To buy or not to buy? - What do you reckon?

By: Glenn Torrens


Using recent and rational wisdom, Glenn Torrens considers collecting another cherished car. Or not …

To buy or not to buy? - What do you reckon?
Should Glenn get his hands on one?

I really want a Land Rover.

There … I wrote it. I’ve admitted it! It’s out!

When I was a kid, the TV show Ask The Leyland Brothers was a favourite. For their early adventures, Mike and Mal Leyland drove Land Rovers, as did other Aussie TV legends such as Harry Butler (In The Wild) and, later, Les Hiddins (The Bush Tucker Man). 

Inspired, I built Land Rover-ish toys from Lego and cornflakes packets to push around on the grass at primary school. In those days, riding in the back of a Land Rover ute on a farm or at a school fete was a special treat. For decades, the Australian Army used them and there were always a couple of old Landies angle-parked in country-town main streets.

The Land Rover brand celebrated 75 years last year and is a big part of motoring heritage internationally. It was lore that the first motor vehicle much of the world’s population saw was a Land Rover. Various TV shows had scientists, doctors and missionaries/do-gooders driving around mysterious places – such as Africa and Arnhem Land and New Guinea – in Land Rovers. Scenes of Land Rovers, maybe with the windscreen folded flat so its khaki-clad driver could aim a dart-gun to tranquilise a sick elephant, or lugging equipment to help the local villagers build mud-brick huts, are etched into my mind in the same way as grainy TV images of Toranas and Falcons lapping Bathurst.

One of my high-school teachers – in fact, the person who organised my work placement at Overlander 4WD magazine – drove a Land Rover. Later, some of my first magazine roles were to steer various Land Rover Discoverys and Range Rovers in tests with Nissan, Mitsubishi and Toyota 4WDs. Since then, mates and work colleagues have owned old Landies or Rangies as cheap ‘n’ cheerful camping or tow rigs.

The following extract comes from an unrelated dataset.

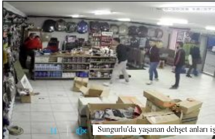
Sungurlu'da yaşanan dehşet anları iş yerinin güvenlik kamerasına da yansdı.

Bu kez de bilimi uzaklaştırıyoruz. Hacı Bektaş Veli'nin: "Bilimden gidilmeyen yolun sonu karanlıktır." uyarısını unutacak mıyız?

Recently, Dave Morley and I helped dig a dusty 1957 Land Rover from a Kalgoorlie, WA backyard for the TV show Outback Car Hunters. We saved a Range Rover too. Travelling regional Australia, there’s hardly a day goes by without seeing a forlorn Land Rover in a yard, shed or paddock.

For a long time I’ve thought a Land Rover would be a great weekend fun machine. The Discovery’s tall cabin and big glass area – and those little roof windows – results in a lovely airy outlook and its alloy V8 is willing. Or maybe I’d tinker with the more traditional shape of the 1980s coil-sprung V8 County 110.

But Land Rover’s legendary reputation for unreliability hasn’t come from nowhere, either. It’s the result of plenty of hard work in the bush … 

I’ve been involved in fixing (or towing) Land Rovers in places such as the Simpson Desert or Vic High Country more often, I reckon, than any other 4WD brand. Morley owned a rattly Rangie … never again, he says. Even the ex-Kalgoorlie one in the TV show broke an axle while I was driving it for the camera!

I own a first-shape Mitsubishi Pajero V6. It’s another iconic 4WD, I reckon … Launched in 1982, the family-friendly Pajero inspired Land Rover to develop the Discovery (and Toyota the Prado!).

So maybe I’ll just keep enjoying my Pajero and keep dreaming of the perfect Land Rover without the possible problems of owning one!